August 13, 2012, 11:52 AM — It's budget time again, which is a good chance to assess our information security defenses and decide which areas we can best afford to beef up. Here's a look at what I think we'll be able to add this year.
It's time to make the case for funding in the 2013 budget. Action plan: Prioritize the company's security needs, and have justifications at the ready.
First, I want to increase our investment in security incident and event management. SIEM has been a great investment thus far, helping us thwart attacks and identify other malicious activity that could have resulted in the loss of sensitive data, unauthorized access or a denial-of-service attack on our network. I can point to a lot of things that justify further investment. My plan is to expand our license and add more network sensors to remote offices. The return on those investments will be that more data will be correlated with additional log and netflow feeds from network and server resources.
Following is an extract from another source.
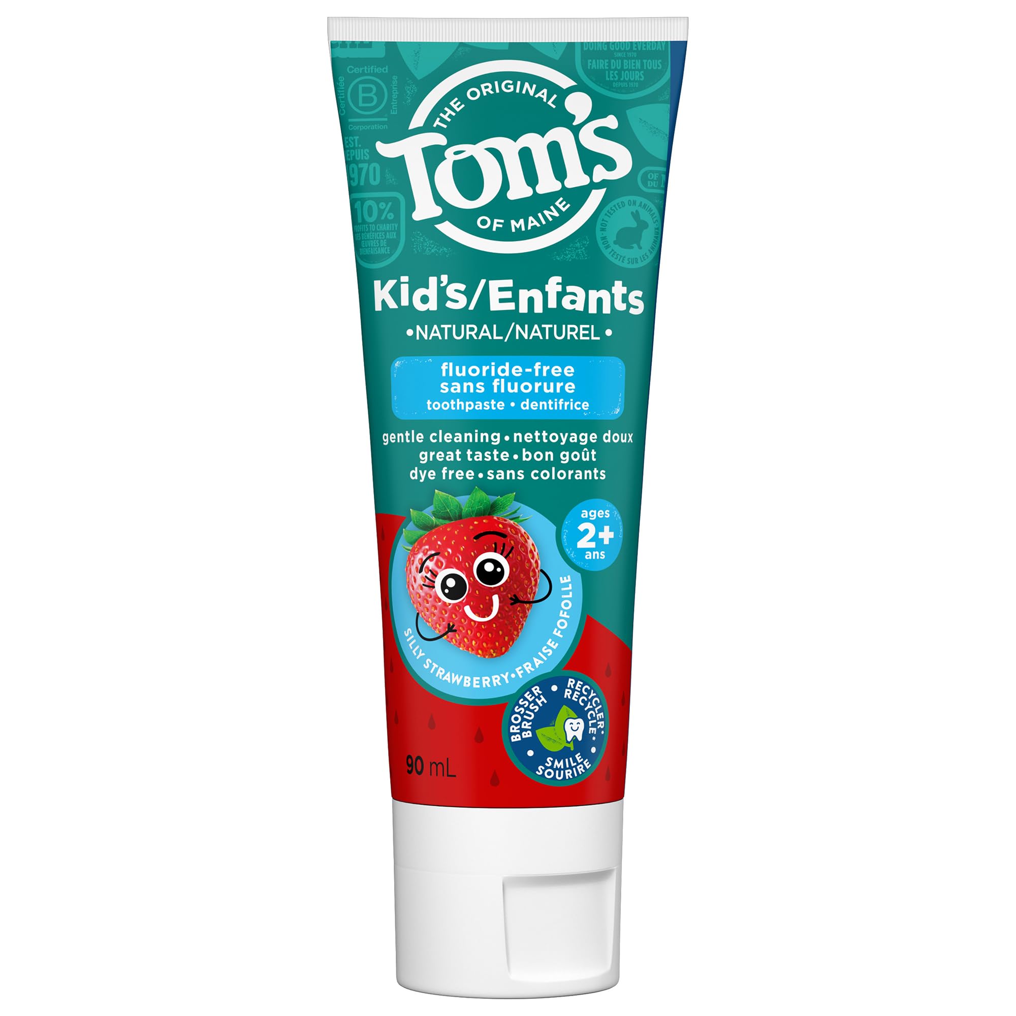 Tom's of Maine Children's Silly Strawberry Natural Fluoride Free Toothpaste – Anticavity Fluoride Toothpaste for kids – All Natural Fruity Flavor toothpaste, Strawberry Toothpaste kids 90 mL

Next, I want to upgrade the security assessment tools that automatically scan our DMZ infrastructure on a weekly basis, as well as satisfy our regular audit and assessment schedule of internal apps and infrastructure. Our current tools, though fairly effective, lack some of the rich functionality that Qualys, nCircle and Rapid 7 offer. Any of those would give us a more robust, centralized management console, integration with other tools and better reporting options. The productivity gains that these products would make possible are a selling point; the tool we end up choosing should pay for itself in short order just in the area of collecting security compliance data each quarter.
Then there's data leak prevention (DLP). When we implemented DLP earlier this year, our budget didn't allow for any decryption infrastructure. A main feature of DLP is that it can detect documents being sent via Web-based apps such as webmail and personal storage sites, but we need to decrypt the SSL traffic before our DLP tool can inspect the data. In addition, we recently migrated our Exchange deployment to Microsoft's Office 365 cloud offering, so now even our corporate email is encrypted. All of that means we need to buy proxy appliances and then send all our Web traffic to them for decrypting ahead of going to the DLP engine for inspection. We'll be looking at either Cisco or Bluecoat to satisfy this need.